The following functions calculate quality metrics which are added as metadata both cell-specific or gene-specific, (in .obs and .var)  and make diagnostic plots. As such every cell has individually calculated, for example, percentage mitochondrial counts or UMI number. Usually these metrics have some correlation, e.g. dying cells would have both few total counts/genes and high percentage of mitochondrial counts. Therefore scatterplots are made which place the cells in terms of both their UMI count number (x) and another specific quality metric on y.

In [2]:
def plot_pre(adata, sample, x_metric, y_metric, y_scale, thresholds, p):
    '''
    Plot and save QC scatterplots with threshold lines before and after filtering of data. 

    Args:
        adata (Anndata): Anndata object of a single sample
        sample (str): sample name, e.g. "20_nM_RA"
        x_metric (str): quality metric name (see prepare_for_qc()) for x
        y_metric (str): quality metric name (see prepare_for_qc()) for y
        y_scale (float): set limit for y axis for visibility
        thresholds (list): list of QC thresholds (floats) to plot as lines
        p (bool): whether the data is filtered or not

    Returns:
        None
    '''
    fig, ax = plt.subplots(figsize=(3,3))
    p = sc.pl.scatter(adata, x=x_metric, y=y_metric, show=False, ax=ax)
    plt.xscale('log') # only if plotting with n_genes_by_counts or total_counts. Not log if plotting log1p_n_genes_by_counts or log1p_total_counts
    p.set_ylim(0,y_scale * 1.1)
    # ymin, ymax = ax.get_ylim()
    # ax.set_ylim(ymin, ymax * 1.1) 
    # p.set_xlim(6,12) #when plotting log1p_ metrics.

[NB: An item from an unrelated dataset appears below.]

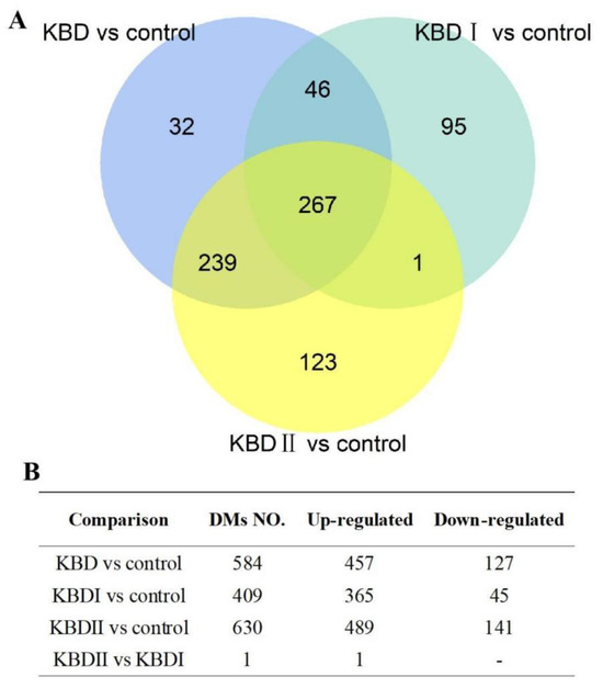 The summary of results in different comparisons: (A) shows the Venn plot of differential metabolites number from KBD vs. control, KBD II vs. control, and KBD I vs. control as well as their overlapping and (B) summarizes the number of differential metabolites from KBD vs. control, KBD II vs. control, KBD I vs. control, and KBD II vs. KBD I.

Otherwise disable
    plt.ylabel(f"Percent {y_metric[11:]} counts")
    plt.xlabel(f"Total UMI counts")
    plt.title(label=f"Sample '{sample}' \n{y_metric[11:]} counts", weight='bold', fontsize=12)
    
    # plot tresholds once those are determined
    if pre:
        if y_metric[11:] == 'ribo':
            plt.axhline(thresholds[0], color = 'r', linestyle='dashed')
            plt.axvline(np.expm1(float(thresholds[1])), color = 'r', linestyle='dashed') #for filtering this metric value is in 
            #log1p but we plot in non-log_1p. Adjust if needed
        elif y_metric[11:] == 'mito':
            plt.axhline(thresholds[4], color = 'gray', linestyle='dashed')
            plt.axvline(thresholds[2], color = 'cyan', linestyle='dashed')
            plt.axvline(thresholds[3], color = 'cyan', linestyle='dashed')
            p='pre'
    else:
        # set it for filename
        p='post'
    plt.savefig(f'new_data/plots/qc/pl_{y_metric[11:]}_{sample}_{p}.png', dpi=300, bbox_inches='tight')
    plt.show()
    plt.close()



def prepare_for_qc(adata, list_qc_genes):
        '''
    Prepare sample Anndata for QC by identifying quality-determining genes and 
    calculating quality metrics using these genes with scanpy 

    Args:
        adata (Anndata): Anndata object of a single sample
        list_qc_genes (list): list of str, specifically for gene metrics which require a group of specifically curated genes, e.g. stress genes instead of a 
        prefix (e.g. Rps- for ribosome genes) as is usually done for most gene metrics
        
    Returns:
        Anndata object: deep copy of adata with QC metrics slots added in .obs
        '''
    adata.obs_names_make_unique()
    # for gene prefixes consult the gene symbols for your data's organism
    adata.var["mito"] = adata.var['gene_name'].str.lower().str.startswith("mt-", na=False)
    adata.var["ribo"] = adata.var['gene_name'].str.lower().str.startswith(("rps", "rpl"), na=False)
    adata.var["hsps"] = adata.var['gene_name'].str.lower().str.startswith(('hsp'), na=False) 
    adata.var["strs"] = adata.var['gene_name'].isin(list_qc_genes.split(', ')) 
    sc.pp.calculate_qc_metrics(adata, qc_vars=["mito", "ribo", "hsps", "strs"], inplace=True, percent_top=[20], log1p=True)
    adata.var_names_make_unique()
    return adata.copy()

    
def thresholds_n_filter(adata, dict_parameters, sample):
        '''
    Filter the sample-specific Anndata object based off the metrics. The thresholds themselves are contained within a dictionary. Filtering is either
    manually or by scanpy functions. Also calls the plotting functions defined above. In addition, adds cell and gene amount values (int) to a dictionary
    dict_diagn, at each QC step.

    Args:
        adata (Anndata): Anndata object of a single sample
        dict_parameters (dict): dictionary of filtering thresholds for QC metrics. Keys: sample names (str), values: thresholds (float). 
        
    Returns:
        Anndata object: deep copy of adata, filtered
        '''
    
    dict_diagn[sample] =[] # storing of cell and gene counts is on a sample (dataset)-specific basis

    thresholds=dict_parameters[sample]

    # isolated thresholds in variable names for readaility
    ribo = dict_parameters[sample][0]  
    second_genes = dict_parameters[sample][1]
    min_counts= dict_parameters[sample][2]
    max_counts=dict_parameters[sample][3]
    mito=dict_parameters[sample][4]

    #alternatively plot log1p_total_counts and then set x thresholds in the function.
    plot_pre(adata, sample, "total_counts", "pct_counts_mito", 20, thresholds)
    plot_pre(adata, sample, "total_counts", "pct_counts_ribo", 60, thresholds)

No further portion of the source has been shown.